Molecular Control of Floquet Topological Phase in Non-adiabatic Thouless Pumping
Ruiyi Zhou, Yosuke Kanai

TL;DR
This paper explores how molecular modifications in trans-polyacetylene influence the nonadiabatic Floquet topological phase, using real-time density functional theory and Wannier functions to connect topological invariants with chemical concepts.
Contribution
It demonstrates molecular-level control of Floquet topological phases through chemical substitutions, linking topological invariants to valence bond descriptions.
Findings
Molecular substitutions affect the winding number and topological phase.
Wannier functions relate topological invariants to chemical bonding.
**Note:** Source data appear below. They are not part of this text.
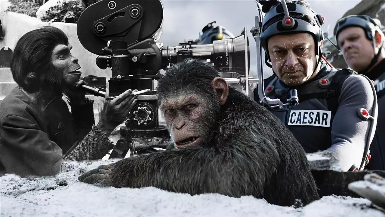 1)和人类角色和穿着动捕服装的猿类角色同时拍摄;
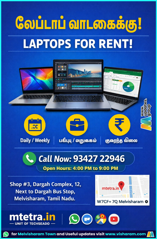 💻 LAPTOPS FOR RENT – Melvisharam! Need a laptop for short-term use? We’ve got you covered! ✅ 📅 Available on: ✔ Daily Basis ✔ Weekly Basis ✔ Monthly Basis 💼 Perfect for: • Office Work • Students • Online Exams • Projects & Training • Temporary Requirements 💰 Affordable Rental Prices 📞 Call Now: 93427 22946 🕓 Open Hours: 4:00 PM – 9:00 PM 📍 Shop #3, Dargah Complex, Next to Dargah Bus Stop, Melvisharam, Tamil Nadu. 🌐 Visit: mtetra.in Limited stock available – Book yours today!
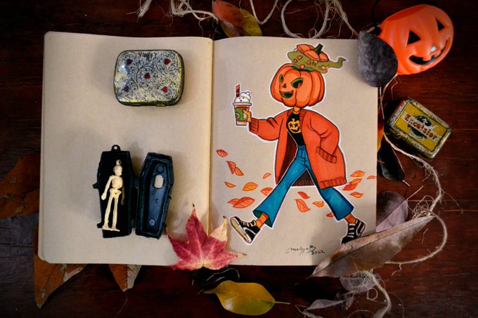 I'm so in love with the fall color palette 😍🍁🍂🍃 #art #artistamexicana #drawing #calabaza #pumpkin #cute #cuteart #inktober2021 #inktober #fall #autumn #fallcolors #otoño #lindo #tierno #hojasdeotoño #zombiecat #ilustracion #ilustradoresmexicanos #ilustradora
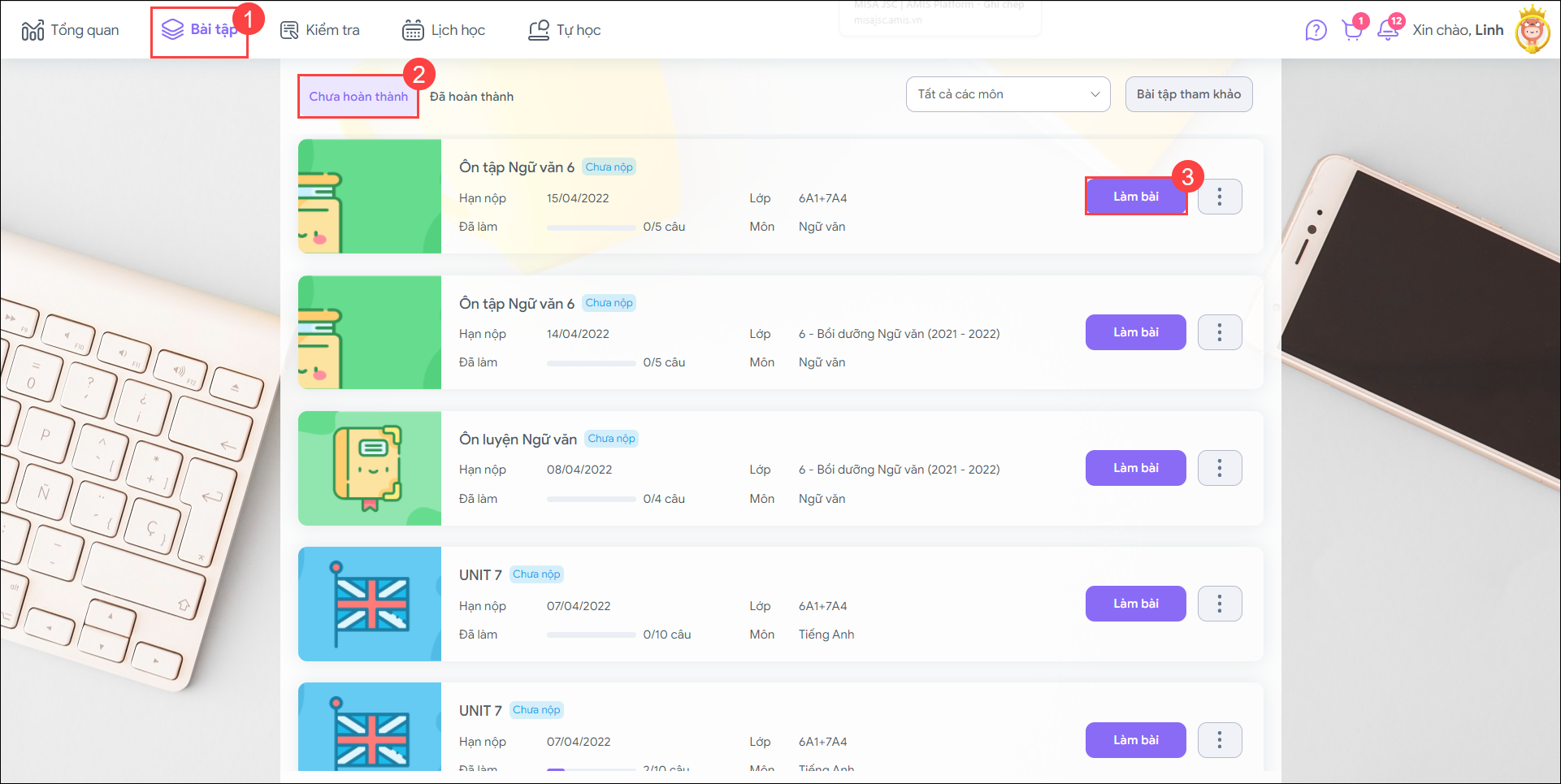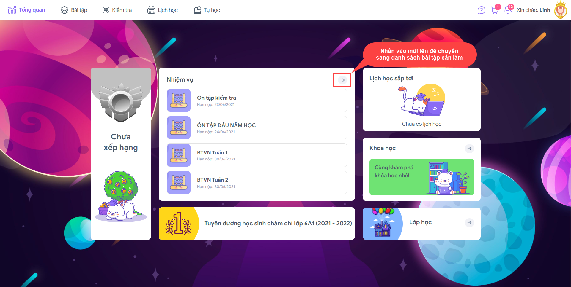 - Trên màn hình giao diện Tổng quan, học sinh sẽ nhìn thấy Nhiệm vụ mình cần làm, học sinh nhấn vào bài tập cần làm hoặc mũi tên điều hướng sang danh sách bài tập.

Topological pumping can be described as cyclic orbital transitions.
Abstract
Nonadiabatic Thouless pumping of electrons is studied in the framework of topological Floquet engineering, particularly focused on how changes to chemical moieties can control the emergence of the Floquet topological phase. We employ real-time time-dependent density functional theory to investigate the extent to which the topological invariant, the winding number, is impacted by molecular-level changes to trans-polyacetylene. In particular, several substitutions to trans-polyacetylene are studied to examine different effects on the electronic structure including mesomeric effect, inductive effect, and electron conjugation effect. Maximally-localized Wannier functions are employed to relate the winding number to the valence bond description by expressing the topological pumping as the transport dynamics of the localized Wannier functions. By further exploiting the gauge invariance of the…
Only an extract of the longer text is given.